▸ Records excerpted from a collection
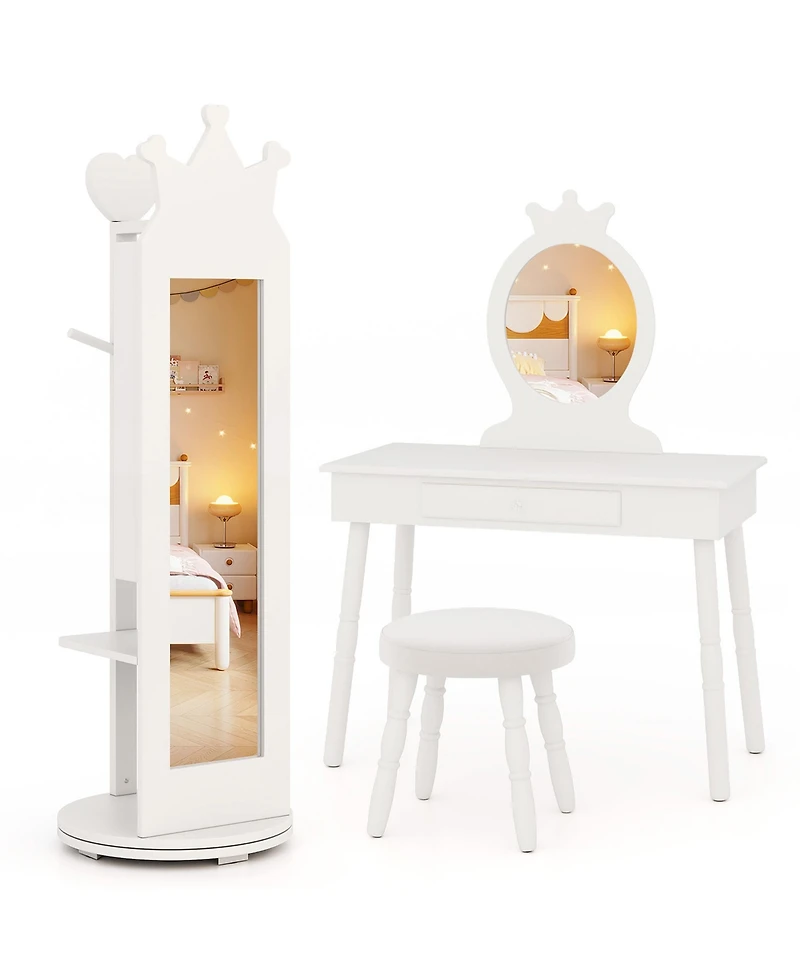 Delight your little princess with our vanity set with jewelry armoire cabinet!The top crown shape will appeal to your child. The full-length mirror brings your little one a head-to-toe view. With makeup mirror, kids can clearly see their faces in all directions. The jewelry armoire cabinet and coat rack combo is also equipped with 35 ring slots, 3 storage shelves, 2 hanging hooks and 2 bottom storage shelves. Meanwhile, kids can also store their jewelry, nail polishes, and toys in the drawer of the dressing table. The stool provides kids with a resting place. 360° swivel base makes the storage cabinet easy to rotate. To keep it safe and sturdy, there are anti-toppling devicesFeatures:Abundant storage space for kids to store their itemsFixing wooden dowel for added convenienceEasy and quick to assemble
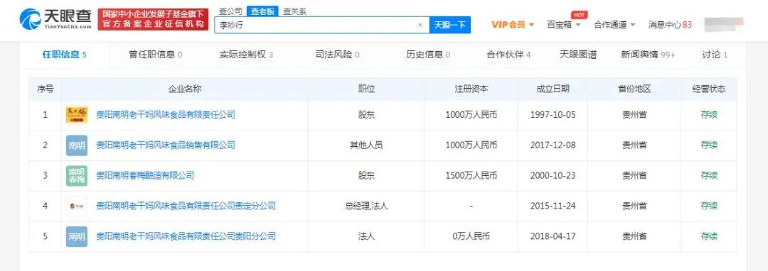 老干妈儿子公司又被限制高消费,已被限制高消费19次!
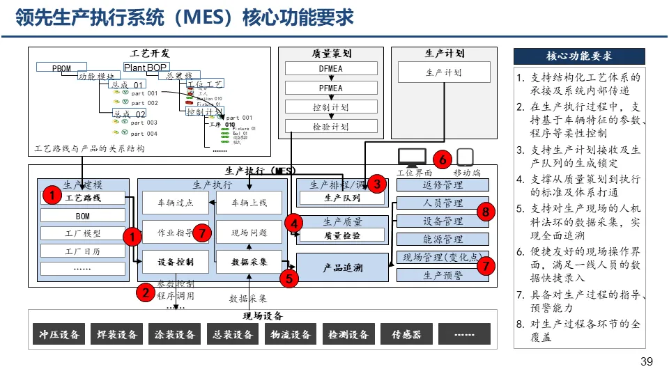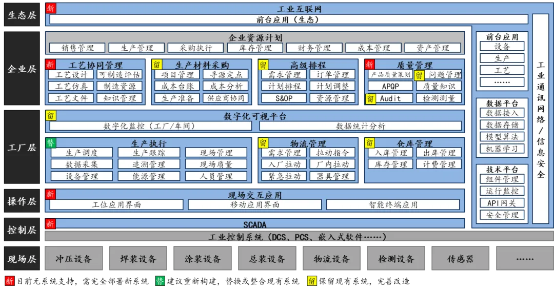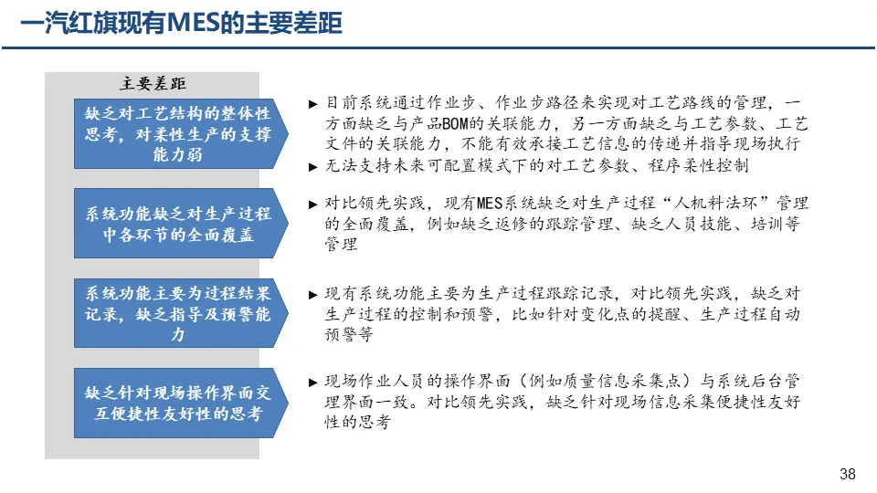 一汽的数字化工厂方案中,这种协同能力首先体现在系统架构的重构上。方案打破了现有系统“事后补录”的功能定位,基于大制造领域核心业务过程规划整体应用系统,明确各业务环节的系统边界及衔接关系,避免了“断点、孤岛”现象。比如在工艺环节,通过数字化工艺平台建设,实现冲、焊、涂、总装等全工艺环节的数字化承接与传递,让产品开发的工艺数据能直接流转到生产执行环节,无需人工二次录入,这一举措直接将产品开发生准周期从 23 个月缩短至 16 个月,大幅提升了新品上市效率。
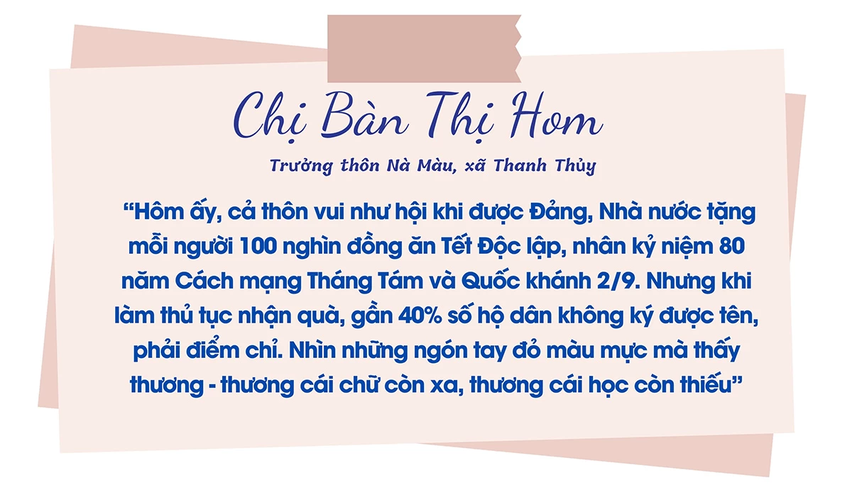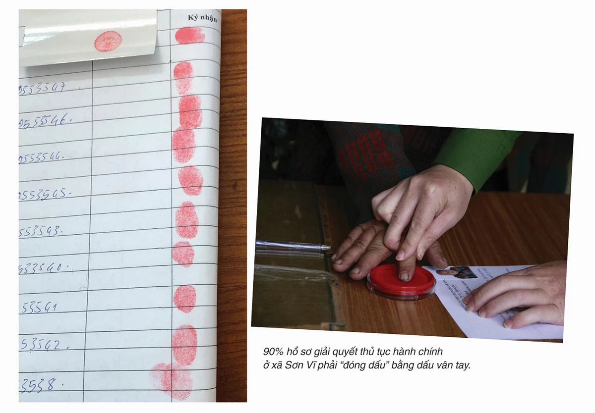 Trung bình mỗi ngày, xã Sơn Vĩ giải quyết 50 thủ tục hành chính cho người dân, nhưng có tới 90% hồ sơ buộc phải “đóng dấu” bằng dấu vân tay.Không chỉ riêng thôn Khai Hoang, tại thôn Nà Màu, xã Thanh Thủy, câu chuyện điểm chỉ vẫn là nỗi day dứt chưa nguôi trong ký ức của nhiều người. Toàn thôn có 77 hộ với 402 nhân khẩu, 100% là đồng bào Dao.
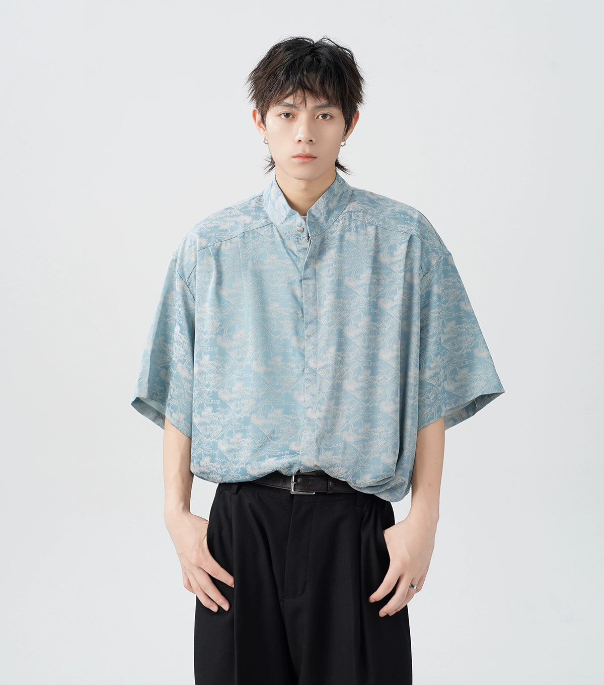 Read full Return PolicyIntroducing the essence of modern edge with this Oversized Tree Print Satin Button-Up Shirt, a must-have for any fashion-forward wardrobe.
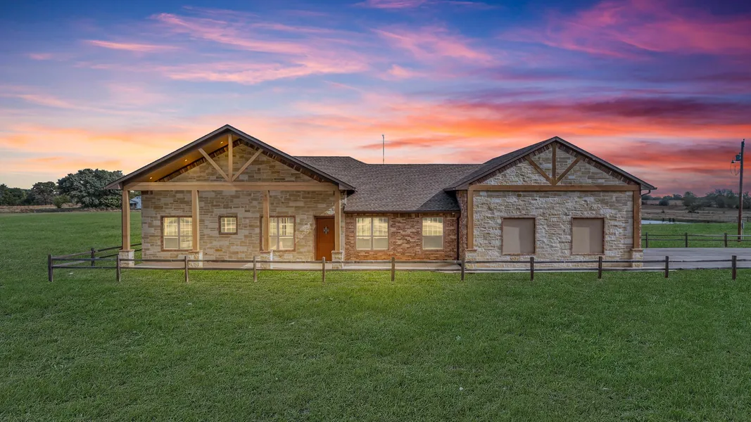 This custom built 3 bedroom 2.5 bath home on over 13 acres boasts luxurious features and beautiful finishes throughout! Ceramic tile throughout the home, crown molding, oiled bronze finishes, custom cabinetry, and granite countertops along with a state-of-the-art filtration system and hot water heaters that can be controlled by a smart phone make living here easy! The open floor plan with rock, brick, and wood accents is exquisitely enhanced by large windows, abundant natural light, and incredible countryside views. Find peace and calm in the master bath with an oversized jacuzzi tub and walk-in shower, while laundry will be pleasant in the large laundry room with separate sink. A screened-in porch, paved driveway, front porch, back patio, and surveillance cameras make living indoors and out effortless. A fully insulated shop with an equipment barn has incredible storage space, and you'll love to spend your evenings down at the stocked pond with aerating fountains and fishing pier. The 3-car garage has a 14ft ceiling on one side to house an RV, and a storm cellar under the garage floor will give you peace-of-mind. The land is fenced and cross-fenced with gorgeous level pastureland! Located just a little over an hour east of Dallas or 45 minutes west of Tyler, youll have easy access to Canton, Tyler, and Terrell. Enjoy big Texas skies, sunrises, and sunsets from this slice of heaven! Call today!
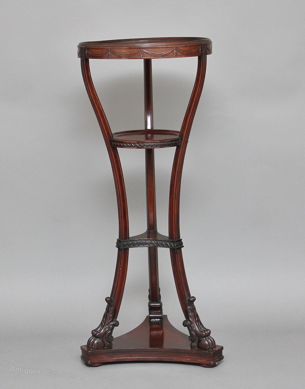 An early 20th Century carved mahogany four tier jardinere stand with a circular top, with three inverted fluted supports ending with hoof feet, each tier decorated on the outside with various carved swags and other carved patterns, standing on a tri-form base.
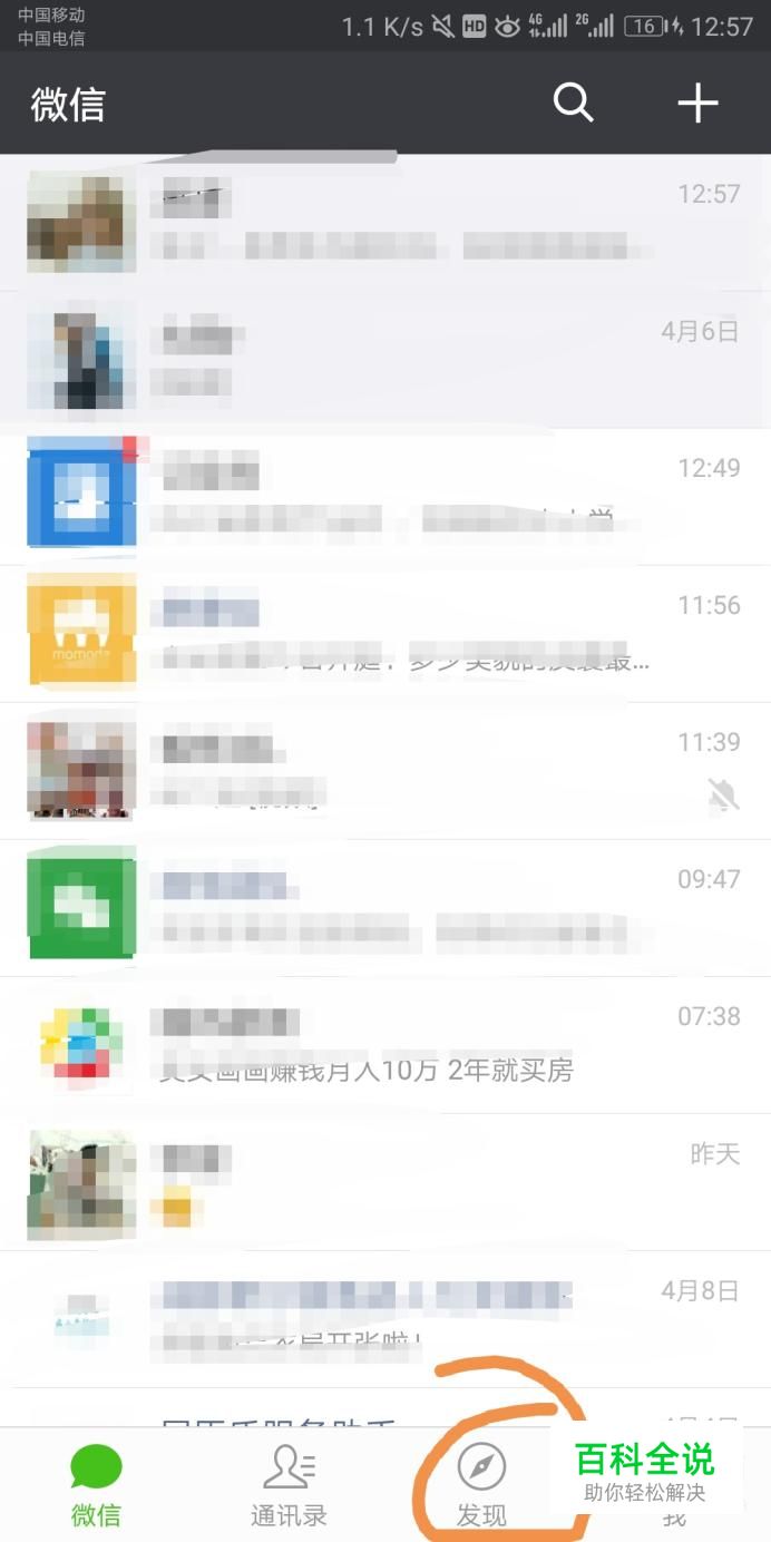 然后我们进入主页,找到最下面一排的第三个“发现”,并且点击进去
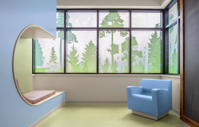 A critical part of design involves the thoughtful selection of furniture and fixtures, customized for each behavioral health space.
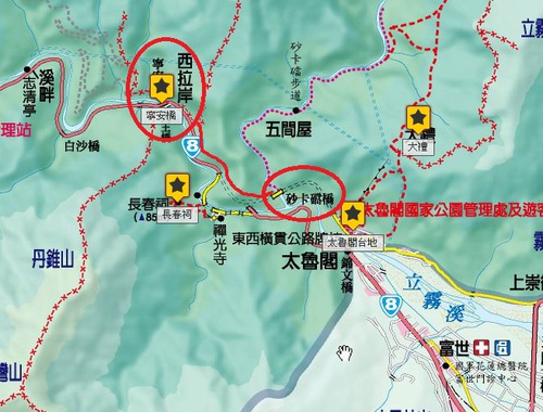 從<遊客服務中心>離開後沿著路沙卡噹隧道走,出了隧道就是 沙卡噹大橋,左前方有一個小型的停車場,
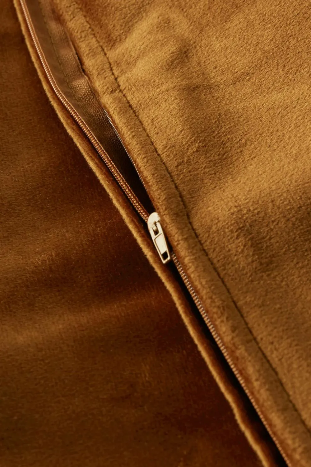 Pudebetræk af velour med fin glans. Af genindvundet polyester. Lynlås i bunden.
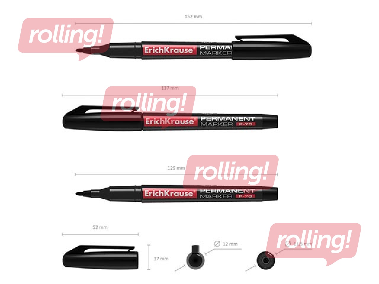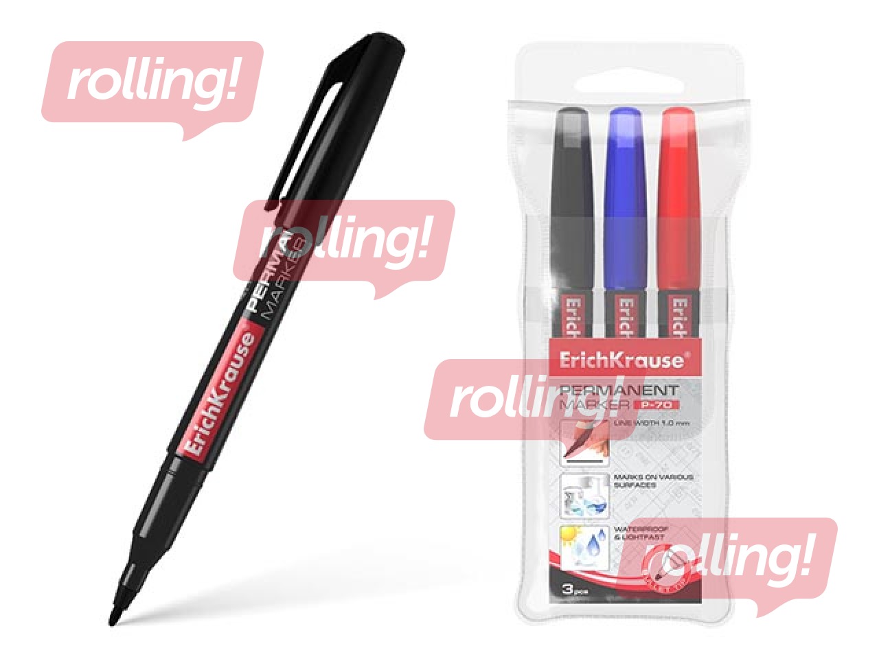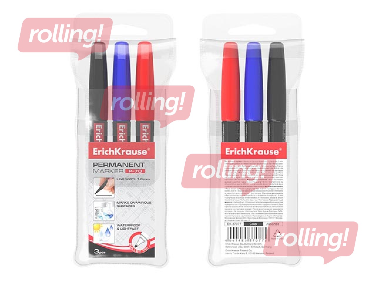 Permanento marķieru komplekts ErichKrause P-70, 1mm, 3 krāsas
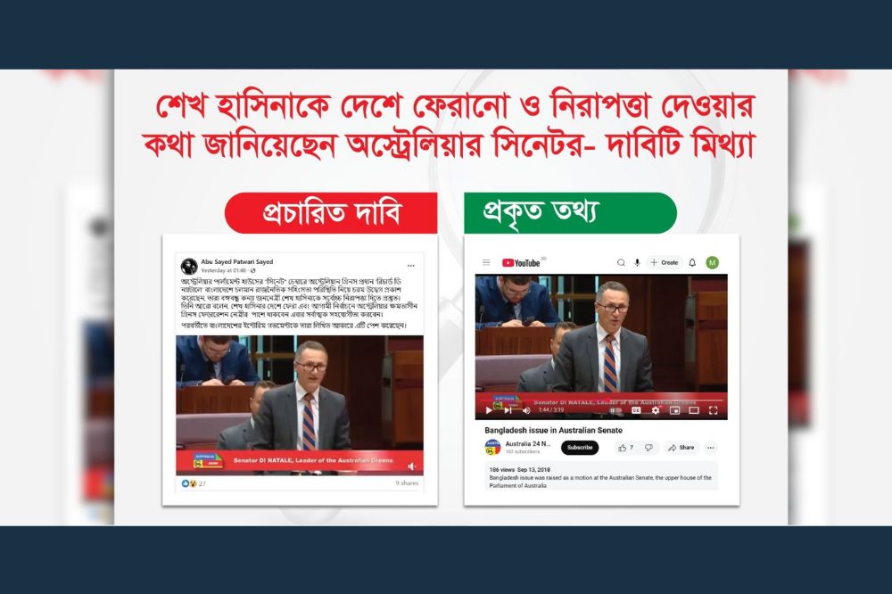 শেখ হাসিনাকে দেশে ফেরানো ও নিরাপত্তা দেওয়ার কথা জানিয়েছেন অস্ট্রেলিয়ার সিনেটর- দাবিটি মিথ্যা
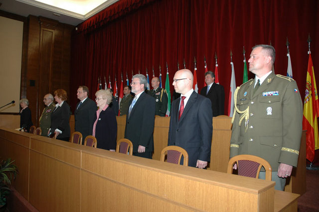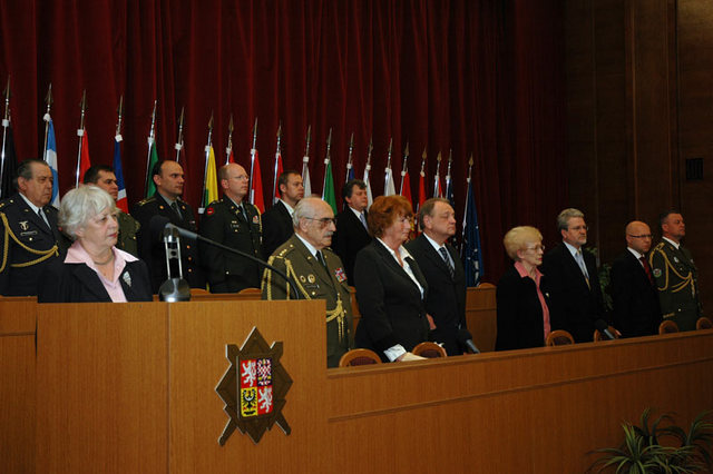 Účastníci slavnostního shromáždění v hlavním sále Ministerstva obrany ČR v Praze 3

▸ Exercise brief
Output the lines above verbatim, images excluded.

▸ Exercise solution
 Delight your little princess with our vanity set with jewelry armoire cabinet!The top crown shape will appeal to your child. The full-length mirror brings your little one a head-to-toe view. With makeup mirror, kids can clearly see their faces in all directions. The jewelry armoire cabinet and coat rack combo is also equipped with 35 ring slots, 3 storage shelves, 2 hanging hooks and 2 bottom storage shelves. Meanwhile, kids can also store their jewelry, nail polishes, and toys in the drawer of the dressing table. The stool provides kids with a resting place. 360° swivel base makes the storage cabinet easy to rotate. To keep it safe and sturdy, there are anti-toppling devicesFeatures:Abundant storage space for kids to store their itemsFixing wooden dowel for added convenienceEasy and quick to assemble
 老干妈儿子公司又被限制高消费,已被限制高消费19次!
 一汽的数字化工厂方案中,这种协同能力首先体现在系统架构的重构上。方案打破了现有系统“事后补录”的功能定位,基于大制造领域核心业务过程规划整体应用系统,明确各业务环节的系统边界及衔接关系,避免了“断点、孤岛”现象。比如在工艺环节,通过数字化工艺平台建设,实现冲、焊、涂、总装等全工艺环节的数字化承接与传递,让产品开发的工艺数据能直接流转到生产执行环节,无需人工二次录入,这一举措直接将产品开发生准周期从 23 个月缩短至 16 个月,大幅提升了新品上市效率。
 Trung bình mỗi ngày, xã Sơn Vĩ giải quyết 50 thủ tục hành chính cho người dân, nhưng có tới 90% hồ sơ buộc phải “đóng dấu” bằng dấu vân tay.Không chỉ riêng thôn Khai Hoang, tại thôn Nà Màu, xã Thanh Thủy, câu chuyện điểm chỉ vẫn là nỗi day dứt chưa nguôi trong ký ức của nhiều người. Toàn thôn có 77 hộ với 402 nhân khẩu, 100% là đồng bào Dao.
 Read full Return PolicyIntroducing the essence of modern edge with this Oversized Tree Print Satin Button-Up Shirt, a must-have for any fashion-forward wardrobe.
 This custom built 3 bedroom 2.5 bath home on over 13 acres boasts luxurious features and beautiful finishes throughout! Ceramic tile throughout the home, crown molding, oiled bronze finishes, custom cabinetry, and granite countertops along with a state-of-the-art filtration system and hot water heaters that can be controlled by a smart phone make living here easy! The open floor plan with rock, brick, and wood accents is exquisitely enhanced by large windows, abundant natural light, and incredible countryside views. Find peace and calm in the master bath with an oversized jacuzzi tub and walk-in shower, while laundry will be pleasant in the large laundry room with separate sink. A screened-in porch, paved driveway, front porch, back patio, and surveillance cameras make living indoors and out effortless. A fully insulated shop with an equipment barn has incredible storage space, and you'll love to spend your evenings down at the stocked pond with aerating fountains and fishing pier. The 3-car garage has a 14ft ceiling on one side to house an RV, and a storm cellar under the garage floor will give you peace-of-mind. The land is fenced and cross-fenced with gorgeous level pastureland! Located just a little over an hour east of Dallas or 45 minutes west of Tyler, youll have easy access to Canton, Tyler, and Terrell. Enjoy big Texas skies, sunrises, and sunsets from this slice of heaven! Call today!
 An early 20th Century carved mahogany four tier jardinere stand with a circular top, with three inverted fluted supports ending with hoof feet, each tier decorated on the outside with various carved swags and other carved patterns, standing on a tri-form base.
 然后我们进入主页,找到最下面一排的第三个“发现”,并且点击进去
 A critical part of design involves the thoughtful selection of furniture and fixtures, customized for each behavioral health space.
 從<遊客服務中心>離開後沿著路沙卡噹隧道走,出了隧道就是 沙卡噹大橋,左前方有一個小型的停車場,
 Pudebetræk af velour med fin glans. Af genindvundet polyester. Lynlås i bunden.
 Permanento marķieru komplekts ErichKrause P-70, 1mm, 3 krāsas
 শেখ হাসিনাকে দেশে ফেরানো ও নিরাপত্তা দেওয়ার কথা জানিয়েছেন অস্ট্রেলিয়ার সিনেটর- দাবিটি মিথ্যা
 Účastníci slavnostního shromáždění v hlavním sále Ministerstva obrany ČR v Praze 3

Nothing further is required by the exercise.